De acordo com Caldeira (2000, p.259), as cidades fragmentadas por enclaves fortificados perdem os princípios de acessibilidade e livre circulação, estes que estão entre os valores mais importantes das cidades modernas. Yázigi (2000, p. 130) discute essa relação apontando o fato da cidadania ser considerada a convicção da autopertinência a um universo social que compartilha um conjunto de representações e relações sociais de tal forma que consiste no exercício da responsabilidade do que é comum a todos. Assim, o estabelecimento de condomínios fechados acaba privando também a sociedade, em geral, de usufruir de áreas públicas que são privatizadas com a construção dos muros, o que contribui para a diferenciação das classes.

A interação de interesses diversificados, motivados por tendências socioeconômicas, acaba refletindo-se diretamente nas formações e características dos espaços públicos (OLIVEIRA e MASCARO, 2007). Assim, tem-se que os espaços públicos apresentam também uma função social, onde pessoas de diferentes classes sociais podem interagir em ambientes diversificados.

Tais evoluções no processo de urbanização de uma cidade acabam influenciando diretamente nas formas como a população utiliza os seus espaços públicos.

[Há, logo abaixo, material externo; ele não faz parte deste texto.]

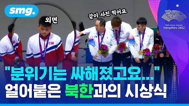 이날 선수들은 첫 '금빛 총성'의 기쁨을 만끽하며 시상대 가장 높은 곳에 올라섰지만, 바로 옆 은메달을 차지한 북한 선수들의 굳어있는 표정과 냉랭한 분위기에 마냥 웃을 수 없었습니다.
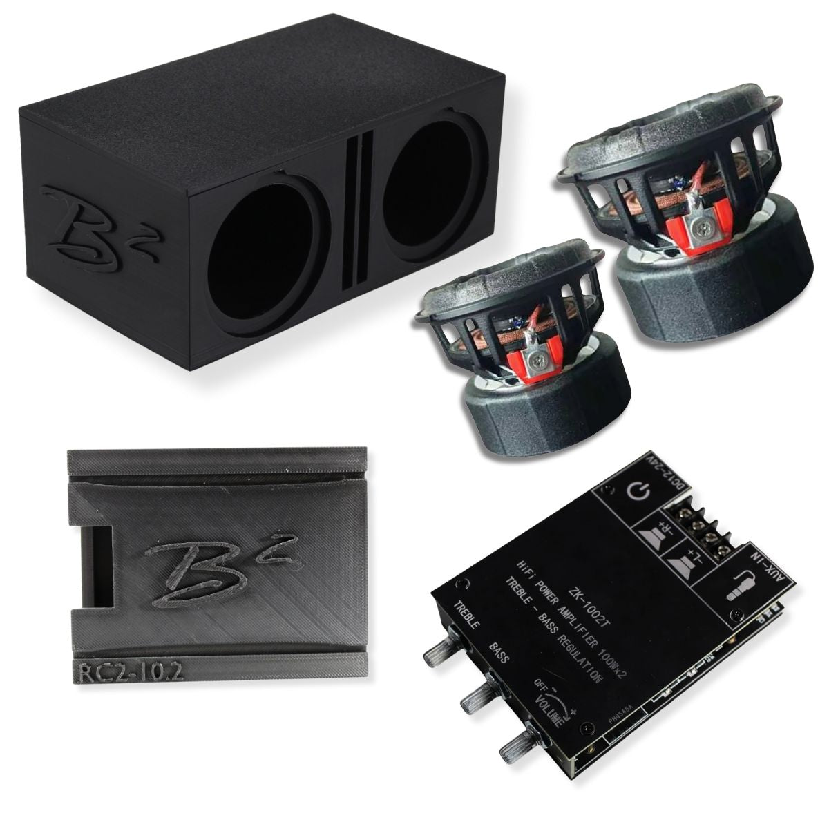 Each 2.5" RIOT-2.5 woofer features a lightweight paper cone, aluminum basket, and 4-layer aluminum voice coil for accurate midbass and tight, detailed response. The dual-ported 3D-printed subwoofer enclosure enhances airflow, cooling, and bass output while maintaining a compact form factor. The Daakro ZK-1002T amplifier provides efficient power delivery, mounted securely inside a custom 3D-printed B2 Audio amp enclosure built for strength, ventilation, and professional presentation. Together, these components create a self-contained, premium-quality micro audio experience.

Bartolo (2013) destaca que a produção dos espaços públicos gera uma demarcação física nas cidades, estas delimitações definem usos e funções, além de também constituírem uma fronteira simbólica para a cidade.

Devido a essas mudanças na distribuição do espaço urbano, buscar entender a influência das mesmas na dinâmica populacional de um município se faz importante, de tal forma que esses fatos podem explicar e direcionar os costumes das populações urbanas em um fu turo próximo.

Nesse contexto, o presente estudo tem o objetivo de fo mentar a discussão sobre a expansão urbana atual das cidades brasileiras pautada na privatização de espaços, onde a principal maneira de expansão e crescimento do solo urbano é por meio dos loteamentos fechados ou condomínios horizontais fechados. Diante desse contexto, a pesquisa trata desses novos produtos oferecidos pelo mercado imobiliário, que privatizam os espaços públicos à medida que constroem os muros e guaritas de acesso que impedem a livre circulação das pessoas e fragmentam o espaço urbano- social das cidades.

Tendo como estudo de caso a expansão das últimas décadas do município de Indaiatuba – SP, este artigo tem como objetivo ilustrar e discutir a predominância da urbanização privatizada como forma de expansão urbana.

A ESCOLHA DE INDAITUBA E METODOLOGIA APLICADA

O primeiro passo metodológico foi caracterizar a inserção urbana de Indaiatuba na Região Metropolitana de Campinas e seu processo de expansão urbana , visando elucidar a importância do estudo de caso escolhido e interpretar o processo de urbanização que ocorre no município através da abertura de novos loteamentos nas ultimas três décadas .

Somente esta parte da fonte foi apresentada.